The 2024 presidential election will soon be upon us. Indeed, there’s already speculation about whom the Democrats and the Republicans will choose as their respective presidential nominees, and what issues will help or hurt each party. Of course, there’s the small matter of the 2022 off year elections, and nobody really knows what new issues will develop over the next few years or how each party will respond to them. Still, it may be interesting—actually, it’s irresistible for a political scientist/political historian—to discuss what lies ahead. This week we’ll begin looking at Democratic prospects, especially in light of the two most lethal charges the Republicans will try to make against the Biden Administration: Incompetence and extremism. In a few weeks we’ll examine the GOP’s apparent strengths and weaknesses as it prepares for 2024.
In a general election campaign, one of the most potentially effective accusations one party’s presidential nominee can make against the other party’s nominee is incompetence. America’s political history shows that the voters in a general election will select the presidential candidate, whether Democrat or Republican, who promises more competent performance over an incumbent president seen as hapless and out of his depth. Think Roosevelt vs. Hoover in 1932, Reagan vs. Carter in 1980, and Clinton versus Bush 41 in 1992.

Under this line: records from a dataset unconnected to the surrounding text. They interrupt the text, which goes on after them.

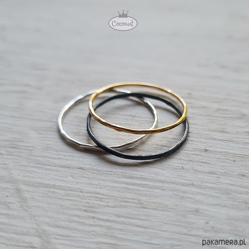 Komplet trzech cienkich obrączek ze srebra, srebra oksydowanego i mosiądzu, o szerokości ok. 1 mm, po zakupie prosimy podać rozmiar.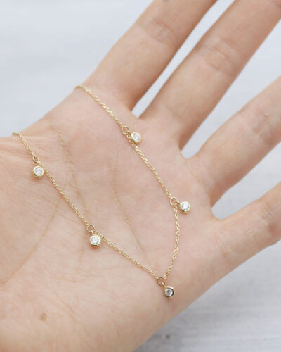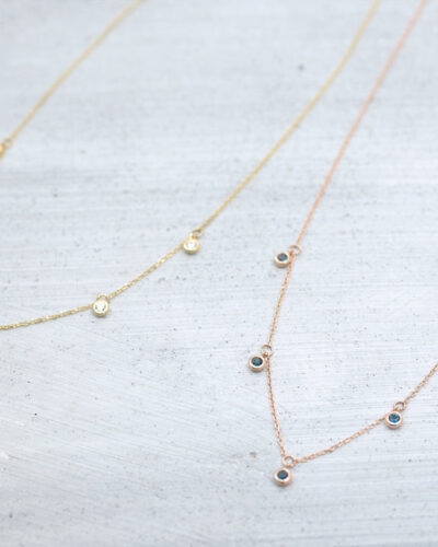 • Gold Square Tablet Necklace – Mixed Sapphire & Diamond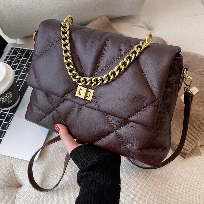 Stay stylish this autumn and winter with this soft leather chain bag. The rhombus design adds a touch of vintage charm to your outfit.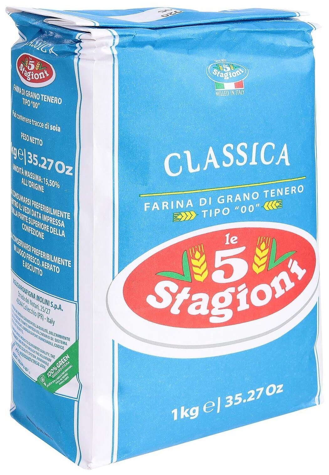 Мука «Классика» Le 5 Stagioni мелкого помола производится из мягких сортов пшеницы, очищенная от примесей. Из этой универсальной муки можно приготовить пиццу, пельмени, блины, пироги, хлеб. Подходит для теста с длительным периодом ферментации.

No doubt the Republicans will charge the Biden administration with incompetence as shown by its:
- Botched withdrawal of American forces from Afghanistan, leaving Americans and Afghans behind to the tender mercies of the Taliban and Al Qaeda;
- Apparent ineptness in coping with the resurging covid-19 virus—whether by failure to procure more test kits or more medicines promising effective relief for those who contract covid-19, thereby making Biden’s promise that by the 4th of July the pandemic would be over nonsensical;
- Failure to predict, much less cope with, the rising rate of inflation, for which administration spending programs are partly to blame; and
- Failure to get the Build Back Better bill—primarily a collection of proposals for greater government spending in welfare and education–through Congress, despite Democratic majorities in both chambers.
Of course, Biden’s defenders will argue that his three immediate predecessors in the White House—Bush43, Obama, and Trump—are largely responsible for the conditions Biden encountered in Afghanistan, that the unpredictability of he pandemic’s course makes realistic predictions about what must be done all but impossible, that the powers of the president to fight inflation are limited at best, and that GOP obstructionism is the main reason for the failure of Congress to pass Build Back Better. How effective the Democrats’ defenses prove to be remains to be seen.
The Build Back Better program to spend $1.9 trillion dollars are various social programs actually poses two threats to Biden. If passed, it will almost certainly accelerate the current inflation. And whether or not it’s passed, it reflects what Republicans will undeniably describe as the basic extremism of today’s Democratic Party, reflecting a drive to transform American society more radically and rapidly than many voters may like.
An effective charge of extremism can be as fatal to a presidential campaign as one of incompetence. In essence, given their choice between a centrist presidential candidate—a moderate conservative or a moderate liberal—or an extremist (or perceived extremist) from either the far right or the far left—the voters in a general election will prefer the centrist, whether Republican or Democrat. Think Johnson vs. Goldwater in 1964, Nixon vs. McGovern in 1972, Reagan vs. Mondale in 1984, and Bush 41 vs. Dukakis in 1988.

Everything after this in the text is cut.